I’m sort of starting to see this year as a transition. Nothing’s really changing so much as I feel like I’m preparing for changes. I feel like I’m reaching some solid personal growth, but it’s not totally embedded yet.
For instance, I’m giving myself till the anniversary of our split to be bothered by anything related to Ryan anymore. I mean, we were integrated and I’m a nostalgic sap, so a year worth of ‘firsts’ without him has been…I dunno, I guess I wouldn’t say hard but I’ve definitely been aware of all these moments. But beyond a year? Well then I’m just dwelling for no reason. That time in my life is over. It had a hand in shaping me, but it won’t continue affecting my day-to-day.
So we’ll just wait and see whether I can actually follow through with that.
I have a goal to be more honest with a few people about my view of our personal relationship.
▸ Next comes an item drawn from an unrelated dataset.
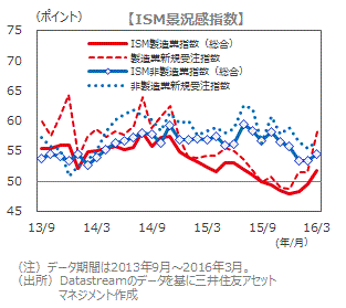米国のISM景況感指数(2016年3月)製造業、非製造業とも上昇局面に入ったことを示唆
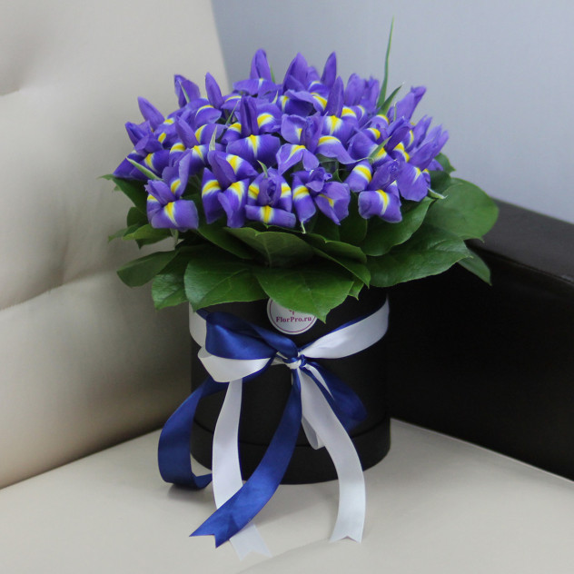 Синие ирисы в шляпной коробке.

There’s no ETA on that though. That’s just a big one and it’s a big enough step to acknowledge the need, so I’m giving myself time on this one.
And the big struggle has been the who am i/what do i want, million dollar question– so I’ve been keeping a list of Facts about myself. Things that are truly in my essence & not just situational.
I’m still fighting to get some sort of routine exercising going…but my sporadic bursts of exercise are becoming more regular, so I’m calling that minor progress. lol
Eh, one step at a time. I’m not together, but I’m getting there.